Intermittent pneumatic compression (IPC) systems (facilitated by an air pump unit and inflatable auxiliary sleeves) are, on the other hand, far more suitable for treatment of arterial wounds (in addition to other treatment methods) and are also suitable for treatment of venous and neuropathic ulcers. Studies have shown that they reduce resting pain and improved healing rates in patients with CLI [18]. Evidence of its benefits in management of venous ulcers is even more numerous with special emphasis on rapid-inflation, short-cycle IPCs, which are associated with even faster healing rates [19]. Lastly, IPC has demonstrated clinically significant efficiency in the healing of neuropathic ulcers [20].

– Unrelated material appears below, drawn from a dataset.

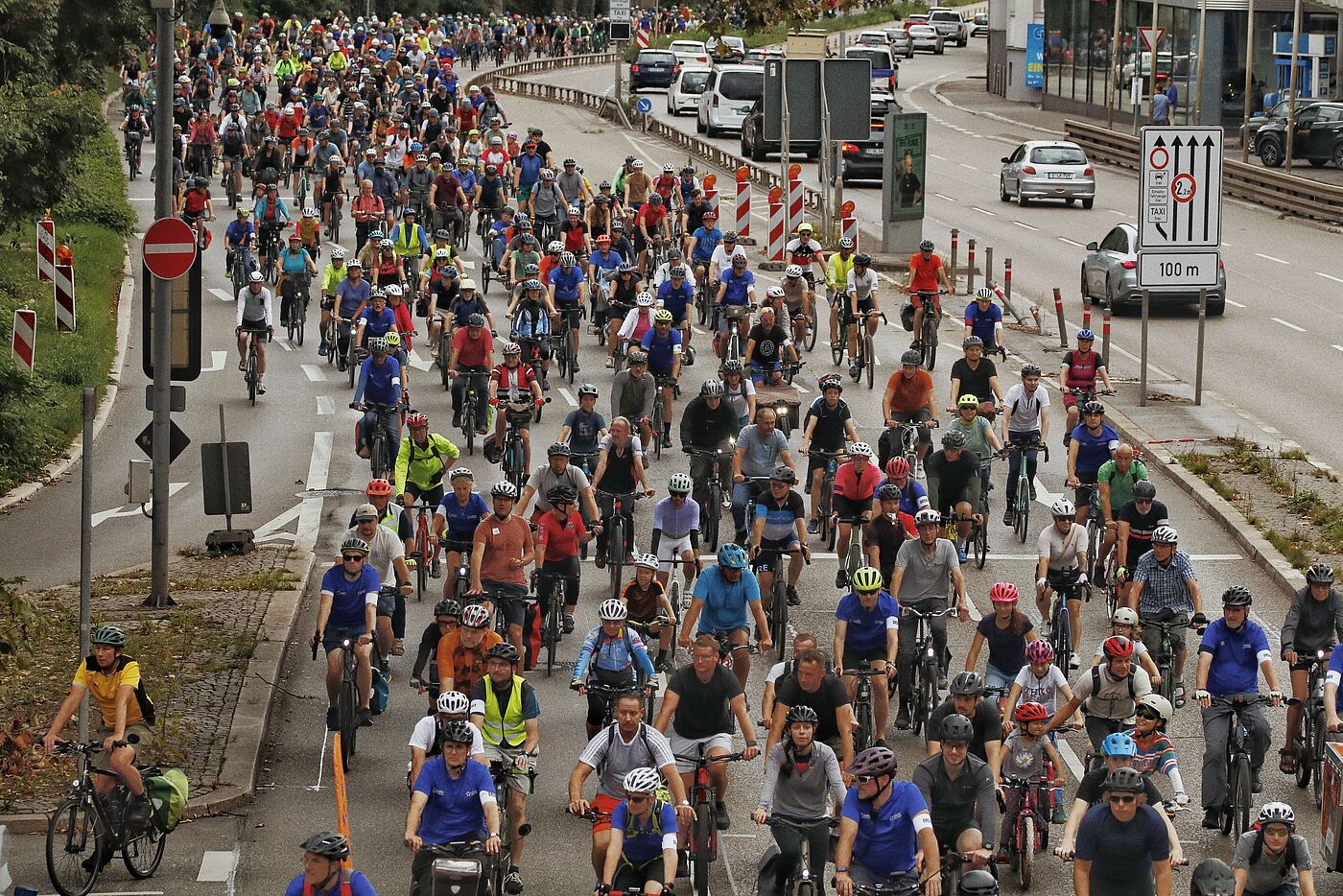 5.400 Radfahrende rollen über die großen Bundesstraßen in die Landeshauptstadt zur Kundgebung mit Politprominenz.

However, considering all presented benefits of compression therapy, both classical (stockings, bandages, etc.) and IPC, are all or nearly all patients’ beneficiaries of such treatment? A comprehensive study conducted in the UK found that at least 31% of patients with venous ulcers included in the study were not receiving compression therapy and that an even larger number of them, around 40%, were not given an ABI assessment or it was unclear whether a recording had been taken [21]. The situation elsewhere might be different but given the fact that such a significant underutilisation of compression therapy was identified in an economically developed country with a well-organised healthcare system, it is reasonable to expect it to take place in other regions, much to the detriment of both the patient and the economy.

Proper compression therapy is an effective treatment method for chronic wounds beyond venous ulcers, but only in patients with comprehensive diagnosis of CVI, PAD and any other CVD or diabetes or any comorbid condition that might preclude its application.